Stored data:
============
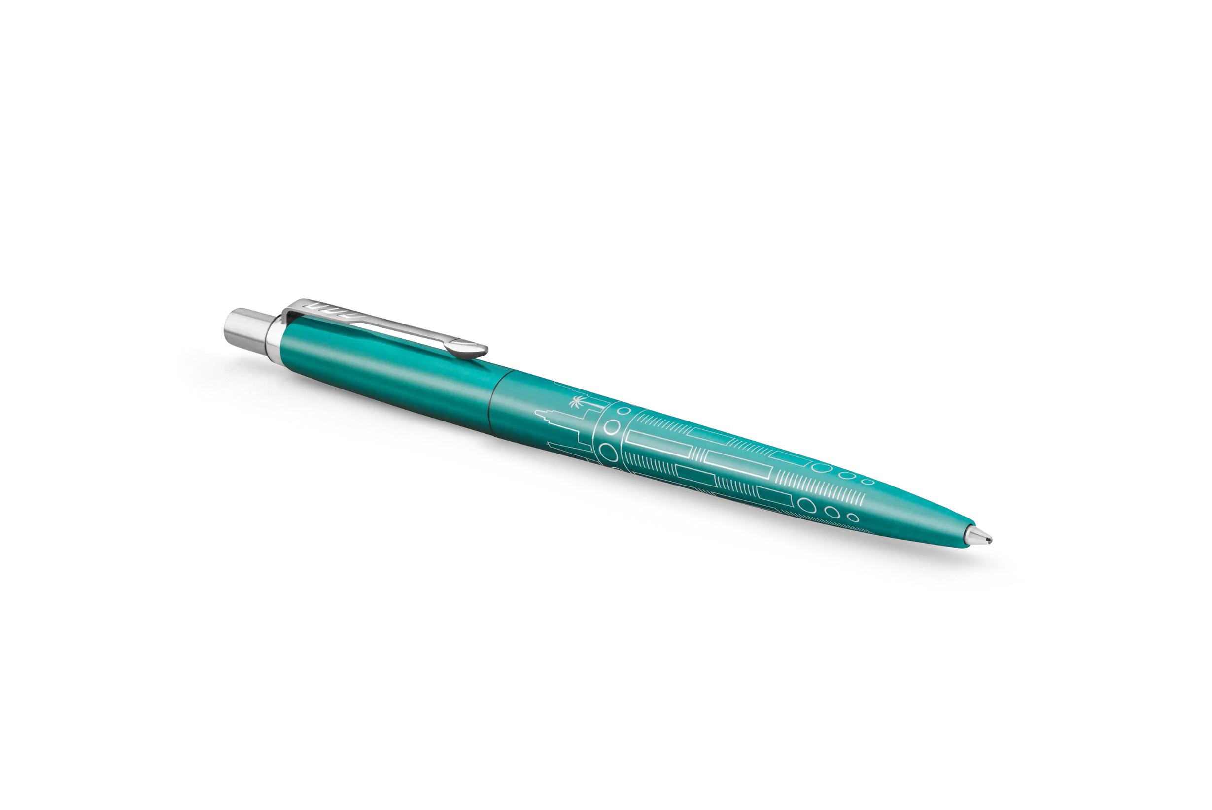 A Parker mesteri kivitelezésének lenyűgöző példájaként az egyedi dizájn precízen lézergravírozva jelenik meg a toll testén. A türkiz lakkozott felület, a sima írásélmény és a Jotterre jellemző ikonikus „kattanás” teszi teljessé ezt az elegáns tollat.
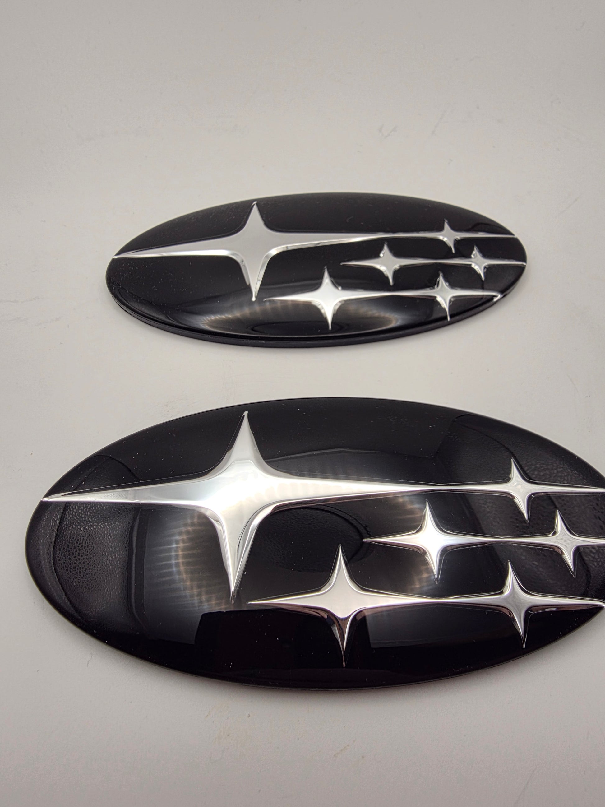 We refinish genuine OEM Subaru emblems using professional automotive materials and processes. No vinyl overlays. No stick-on covers. No shortcuts. Just properly restored OEM parts finished to a true show-quality standard.
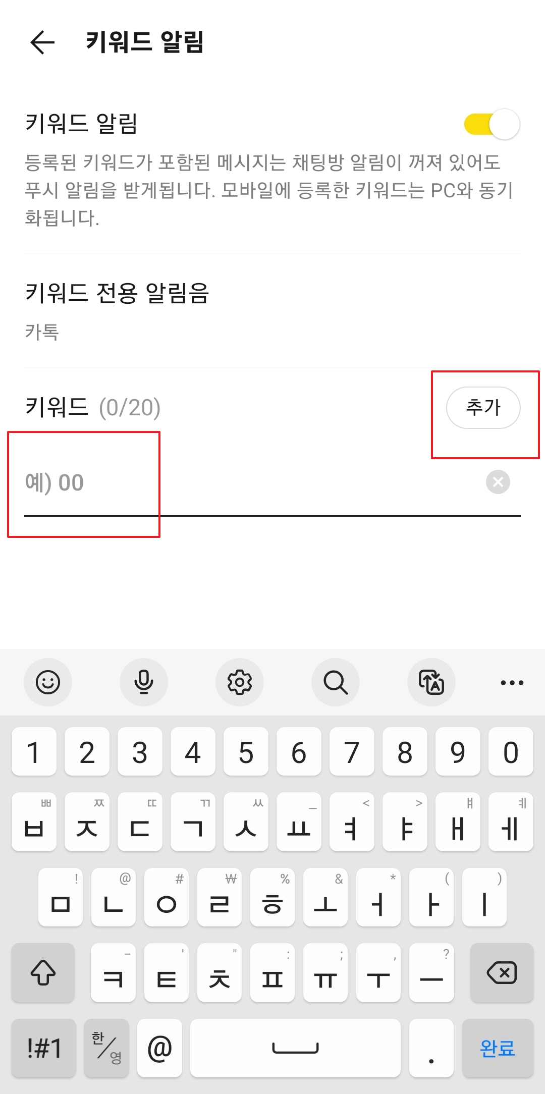 6. 키워드 알림이 활성화되면 하단에 키워드를 추가할 수 있는 입력 창이 나타납니다. 키워드는 최대 20개까지 등록이 가능하며, 키워드가 대화 중 언급될 경우 알림을 받을 수 있습니다.
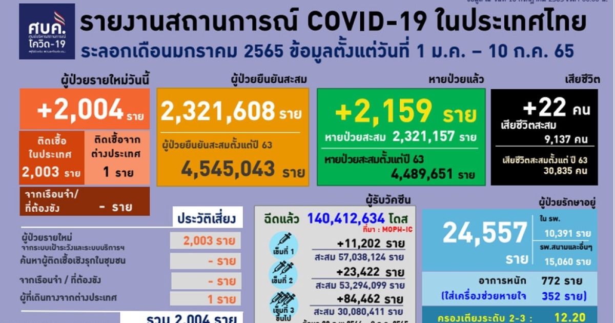 ไทยป่วยโควิดเพิ่ม 2,004 ราย อาการหนัก 772 ราย ขณะที่หายกลับบ้าน 2,159 ราย และเสียชีวิตเพิ่ม 22 ราย ทั้งหมดเป็นกลุ่ม 608-ยังไม่ได้รับวัคซีนเข็มกระตุ้นถึง 18 ราย
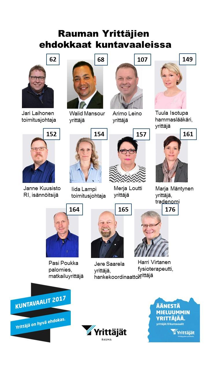 Kuntavaaleissa 2017 on ehdolla Raumalta 22 yrittäjää. Heistä 11 on yrittäjäjärjestön jäsentä. Suomen Yrittäjät toivoo yrittäjiä mukaan kunnalliseen päätöksentekoon puoluekannasta riippumatta. Kuvassa ehdolla olevat yrittäjäjäsenemme.
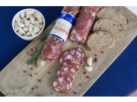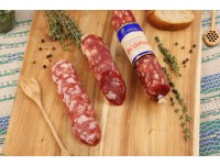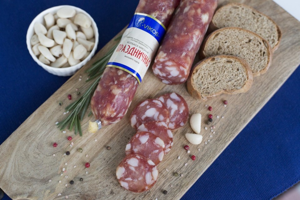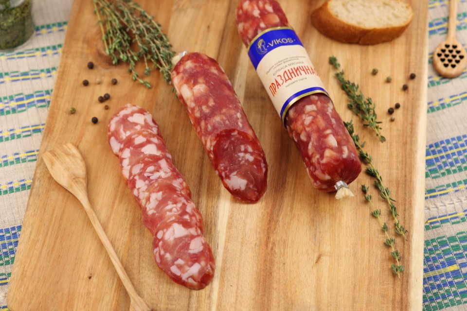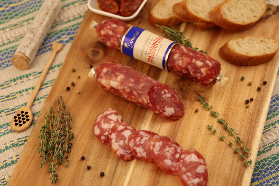Сыровяленая колбаса праздничная - это высококачественный деликатес с утонченным вкусом и ароматом. Изготавливается из натурального свежего мяса с использованием тщательно подобранных специй и пряностей. Этот изысканный продукт обладает плотной, немного суховатой консистенцией, которая делает его прекрасным дополнением к различным блюдам или закуской.
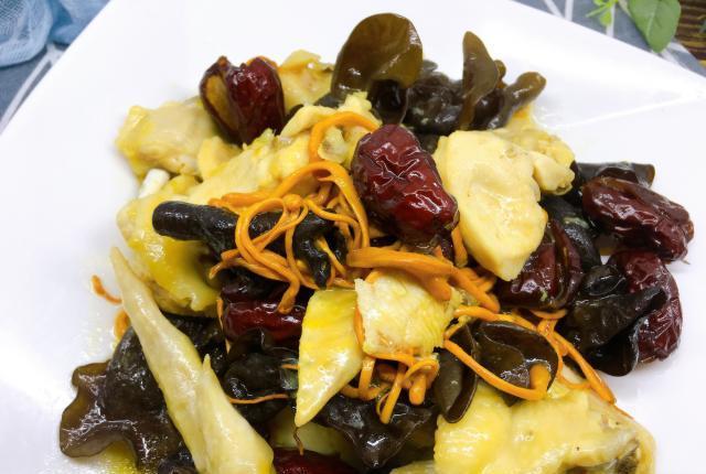 现在市场的鸡肉价钱比较便宜,15元一斤鸡翅膀,买了一对,肉嫩皮黄很新鲜。用鸡做一道家常菜比牛肉猪肉都划算,味道营养一点也不差。虫草花相对便宜,能滋养身体,口感爽滑,香味独特,很适合用来煲汤或清蒸,味道非常鲜。木耳营养丰富,含有大量碳水化合物,蛋白质和其他人体所需的各种元素等,常用来做凉菜,蒸菜,炒菜等。
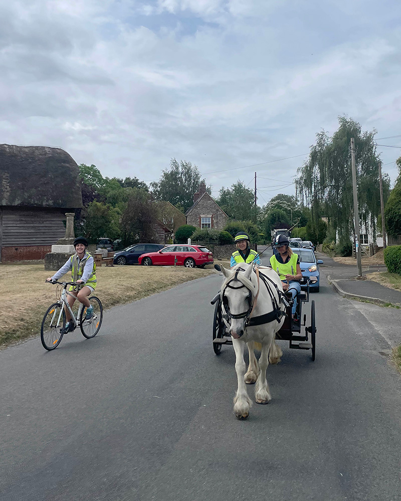 Our ponies are assessed by the RDA for their temperament and reliability. The carriages are relatively low to the ground and designed for easy access. The 4 wheeled carriage has a folding ramp to allow wheelchair access and so that the participant can be seated alongside the RDA coach. When we drive on the road support cars, carrying volunteers and carers, are positioned in front and behind the carriages. We also have support cyclists strategically placed around the carriages and to help manage traffic flow. Most local drivers and cyclists are considerate and have become used to us
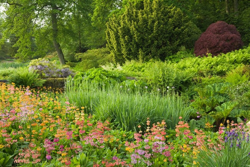 Hostas, helechos, junto a colores vivos de prímulas se refugian bajo los árboles. Es la zona dedicada a las plantas de sombra.
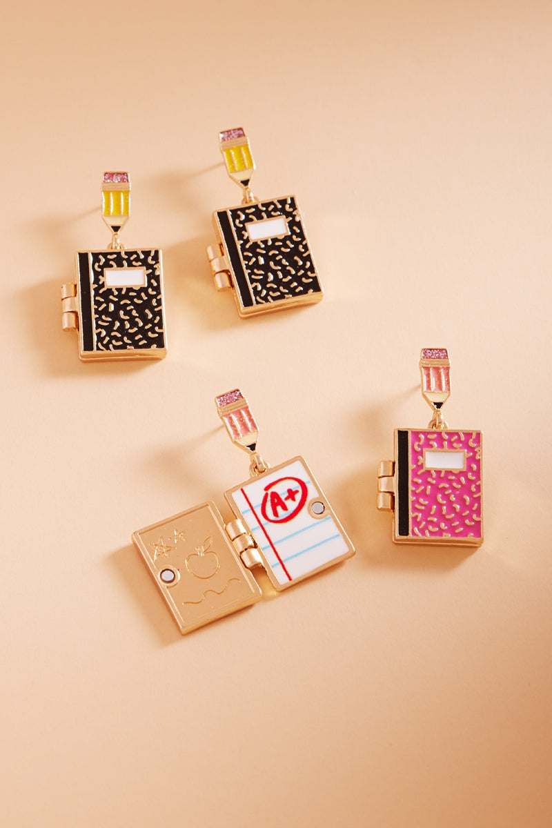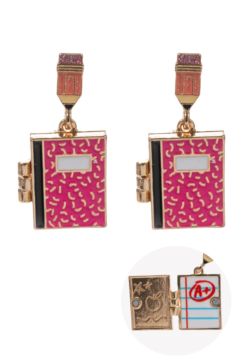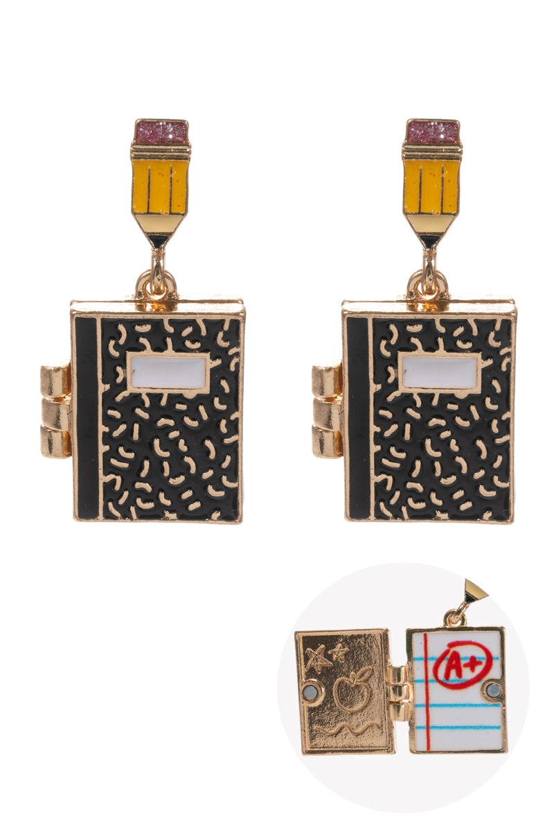 Enhance your style with these chic 1.5 inch notebook enameled locket earrings. Made with hypoallergenic titanium posts and featuring a charming pencil design, these earrings are perfect for everyday wear. Stay comfortable and fashionable with this unique accessory.
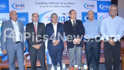 Photo Caption : Nandan Nilekani with Subrata Mitra, Managing Partner, Accel Partners, Shyam Srinivasan, MD, The Federal Bank, Anjani Mandal, Co founder and Chief Executive Officer, Vivek Malhotra, Co founder and Chief of Strategy and Marketing at the press conference of “4TiGO, The Truck Network†at hotel Oberoi , in Bengaluru on Wednesday 1st June 2016
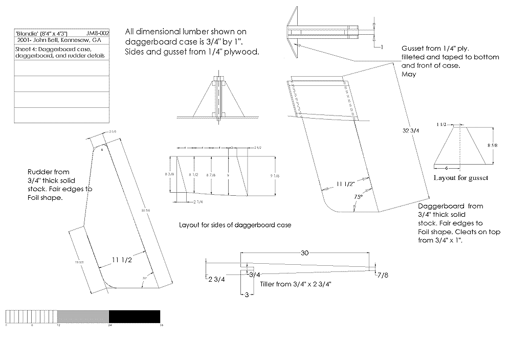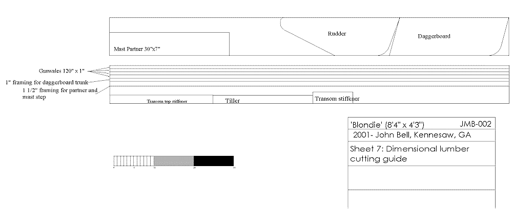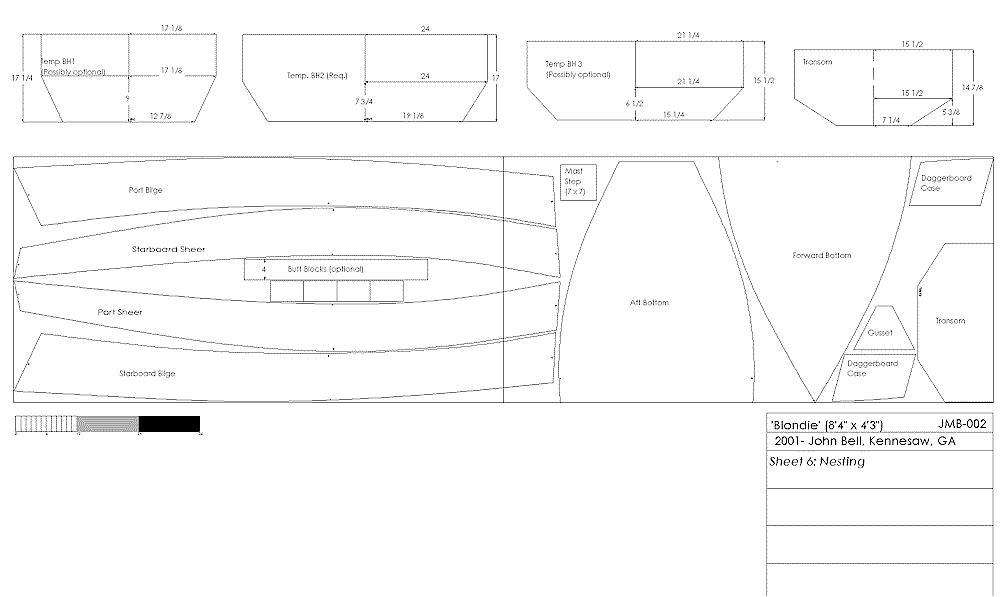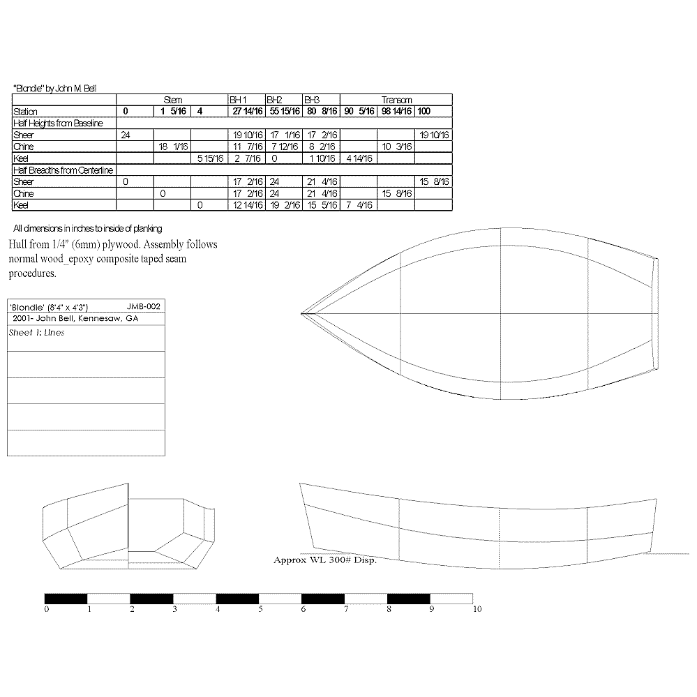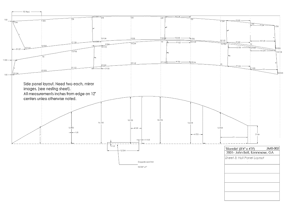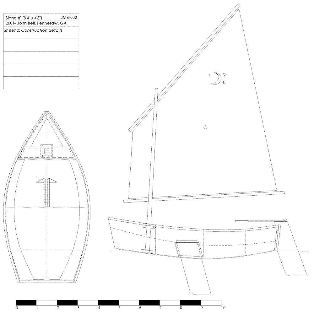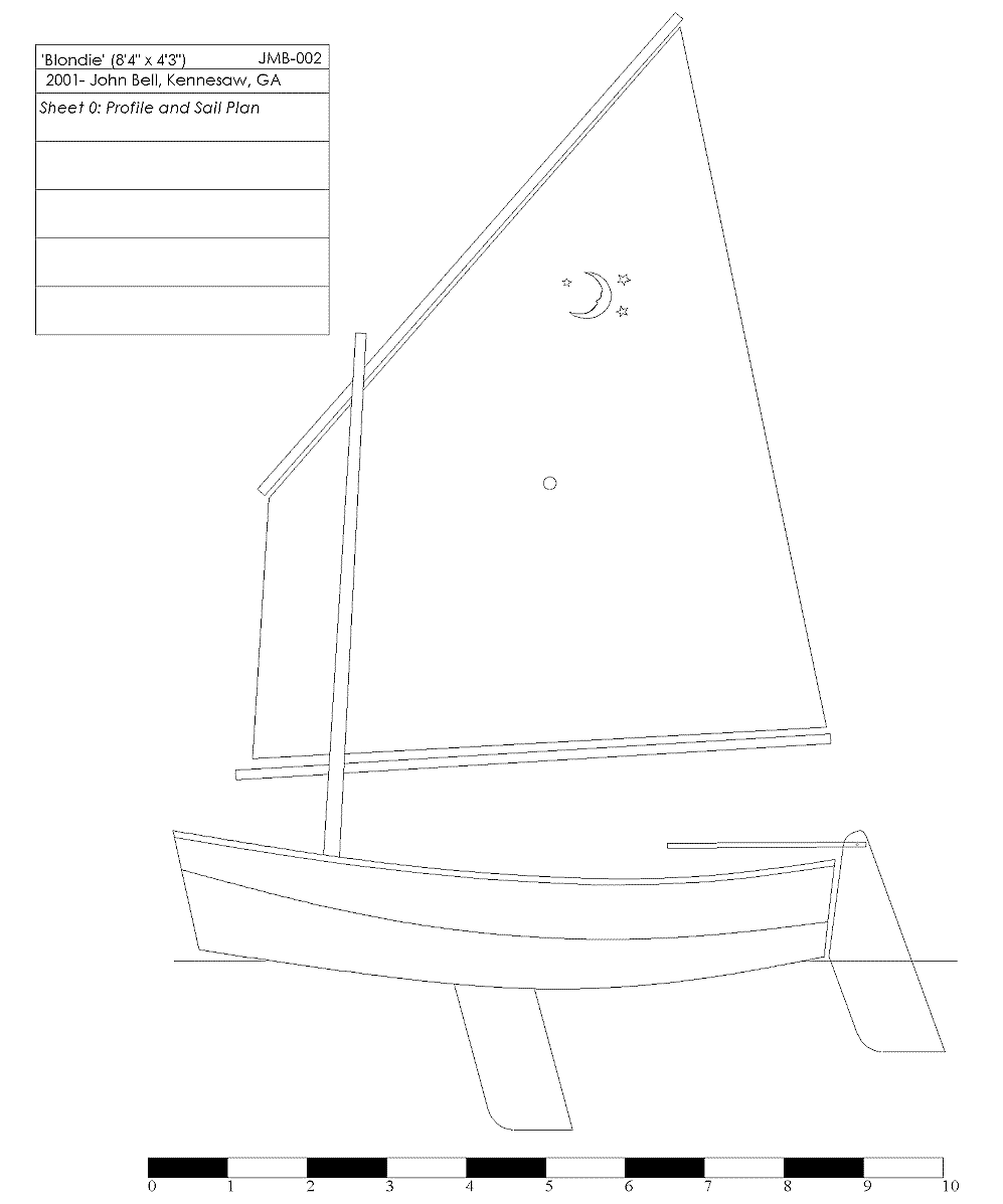 Blondie’s hull shape and hydrostatics were worked out with Gregg Carlson’s excellent Hull Designer freeware. The Hulls output was imported into TurboCad to produce these drawings. I have constructed a cardboard model that shows that the developed shape fits together without any problems.
============
Give back exactly, and solely, the section of the data above bounded by the line containing "Сыровяленая колбаса праздничная" and the line containing "现在市场的鸡肉价钱比较便宜,15元一斤鸡", both bounding lines included and pictures omitted.

Сыровяленая колбаса праздничная - это высококачественный деликатес с утонченным вкусом и ароматом. Изготавливается из натурального свежего мяса с использованием тщательно подобранных специй и пряностей. Этот изысканный продукт обладает плотной, немного суховатой консистенцией, которая делает его прекрасным дополнением к различным блюдам или закуской.
 现在市场的鸡肉价钱比较便宜,15元一斤鸡翅膀,买了一对,肉嫩皮黄很新鲜。用鸡做一道家常菜比牛肉猪肉都划算,味道营养一点也不差。虫草花相对便宜,能滋养身体,口感爽滑,香味独特,很适合用来煲汤或清蒸,味道非常鲜。木耳营养丰富,含有大量碳水化合物,蛋白质和其他人体所需的各种元素等,常用来做凉菜,蒸菜,炒菜等。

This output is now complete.